M&A

Gloucester recommends Macarthur offer

GLOUCESTER Coal's directors have recommended shareholders accept either Macarthur Coal's cash off...

Lau Caruana
Gloucester recommends Macarthur offer

Macarthur is offering Gloucester shareholders a choice of either 0.84 Macarthur shares for every one Gloucester share or $8 cash for every one Gloucester share.

After receiving an independent expert’s report from Deloitte Corporate Finance, which concluded that the Macarthur offer was fair and reasonable, Gloucester today lodged its target statement with the Australian Securities & Investments Commission.
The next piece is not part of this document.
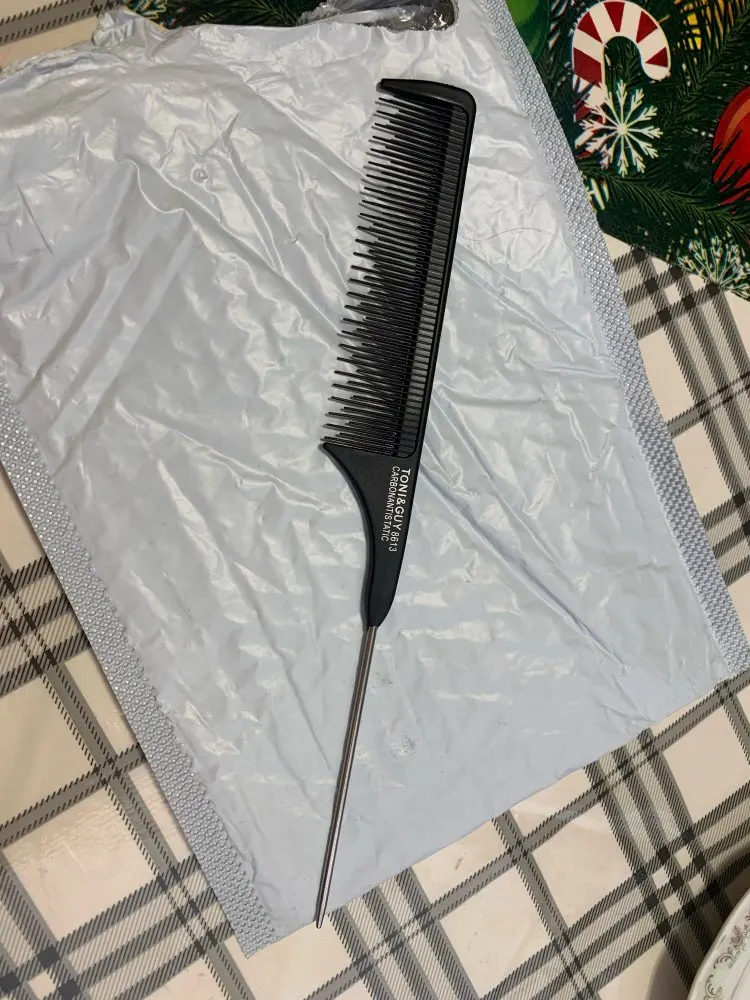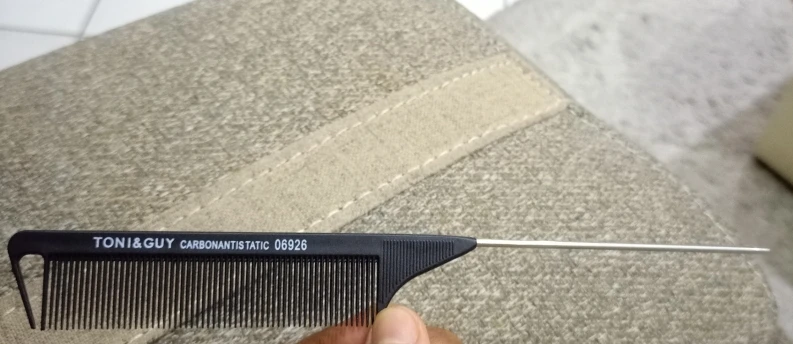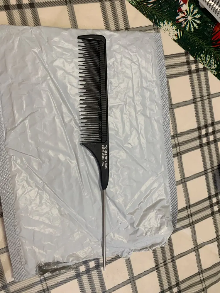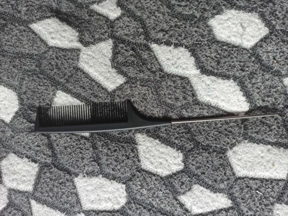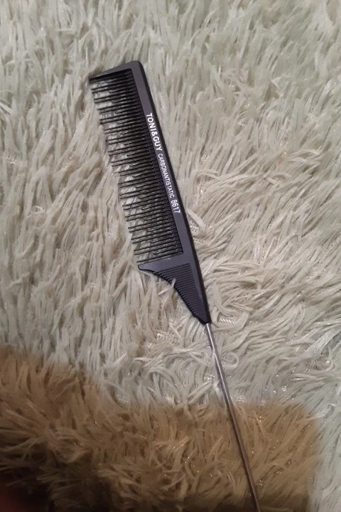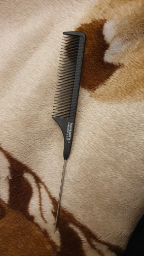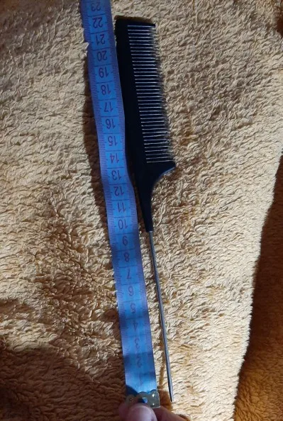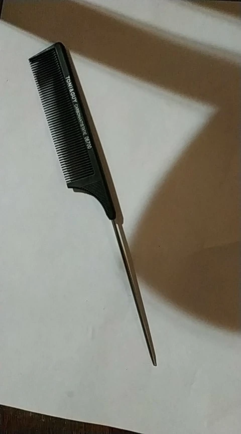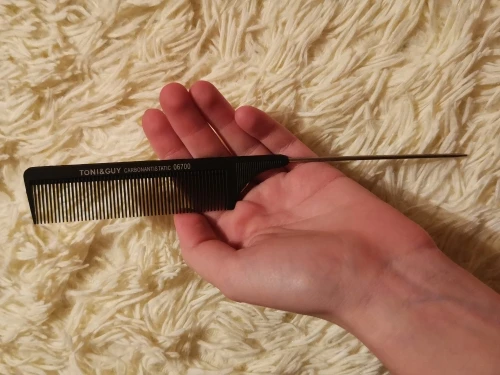 На вид хорошая расчёска, крепкая, достаточно длинная. Зубчики тонкие, частые. Единственное, железный кончик рукоятки не достаточно тонкий, или, может быть, даже непозволительно тупой, идеально ровный пробор таким не сделаешь. Надо будет заточить самостоятельно
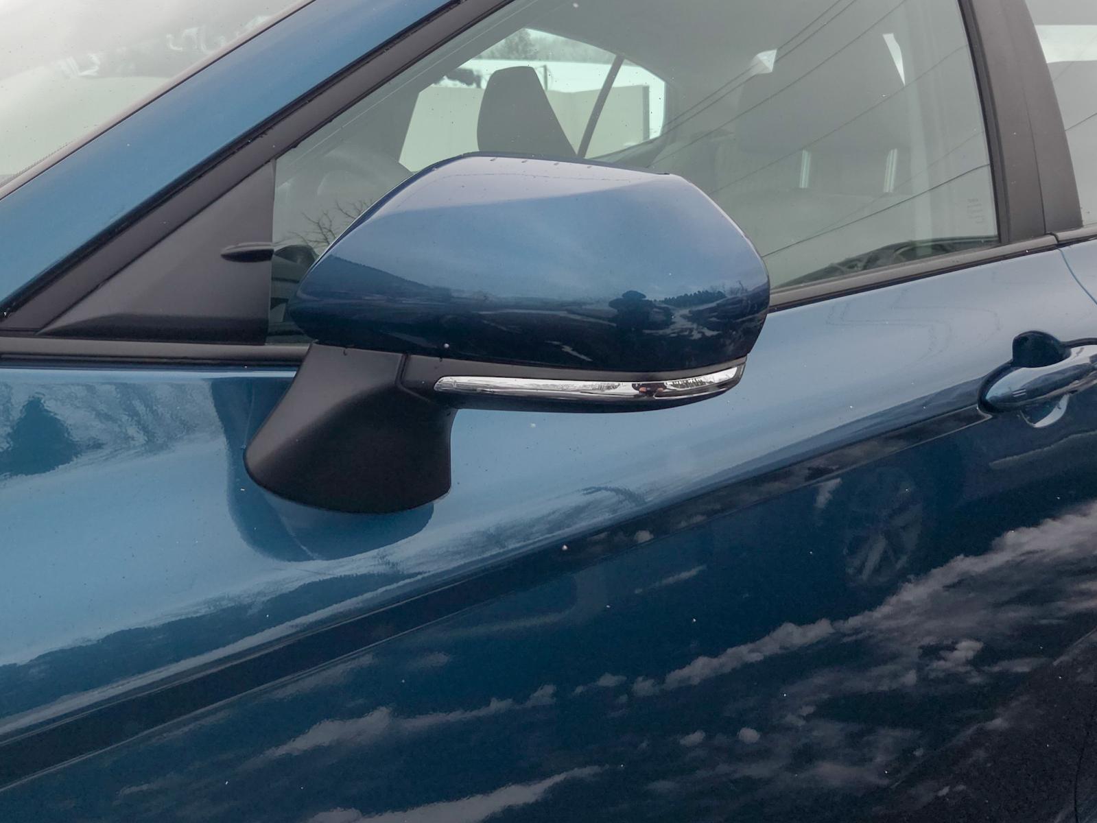 Body part that mounts on the outside of the front door to provide a view of what is behind the vehicle.

Deloitte estimated the fair market value of a share in Gloucester is $7.75 to $8.75 on a control basis, and the valuation range for a share in the merged entity is between $8.90 and $10.80, based on a sum of the parts method.

Based on the share market trading activity in Macarthur since the announcement of the offer, the assessed value of a share in the merged entity is in the range of $10.00 to $11.00.
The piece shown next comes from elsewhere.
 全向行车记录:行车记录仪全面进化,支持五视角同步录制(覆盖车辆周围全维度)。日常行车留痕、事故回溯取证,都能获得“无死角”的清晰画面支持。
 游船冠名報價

With regard to the value of a share in the merged entity derived using a sum of the parts
valuation and the recent share market trading activity in shares in Macarthur, the independent
expert has estimated the value of a share in the merged entity as being between $9.50 and $11.00

The scrip alternative has been valued between $8.00 and $9.25 per Gloucester share.

Gloucester directors also wanted Deloitte to determine whether Noble Group, which is a major shareholder of Gloucester, or any of its associates, would receive a collateral benefit as a result of Macarthur’s acquisition of Middlemount, which is owned 25.34% by Noble.

Located 6 kilometres southwest of the township of Middlemount in central Queensland, Middlemount is expected to produce low volatile PCI coal and semi-hard coking coal.

Macarthur entered a definitive legal documentation with Noble in which future royalties payable by Middlemount to Noble have been reduced by 0.5% to 1%.

Macarthur has also agreed to grant Noble the option of applying the amounts owed for the royalty reduction, the cancellation of Noble’s 20% option over Middlemount and certain loans owed by Middlemount to Noble towards the subscription for Macarthur shares at $9.70 each.

“Based on a qualitative and quantitative analysis of the Middlemount transaction and having regard to the limitations set out in the independent expert’s report, nothing has come to the attention of the independent expert to cause the independent expert to believe that the Middlemount transaction would constitute a receipt by Noble of a collateral benefit,” the company said.

Gloucester’s shares were down by 1c to $9.32 in morning trade while Macarthur’s shares were down 8c to $11.22.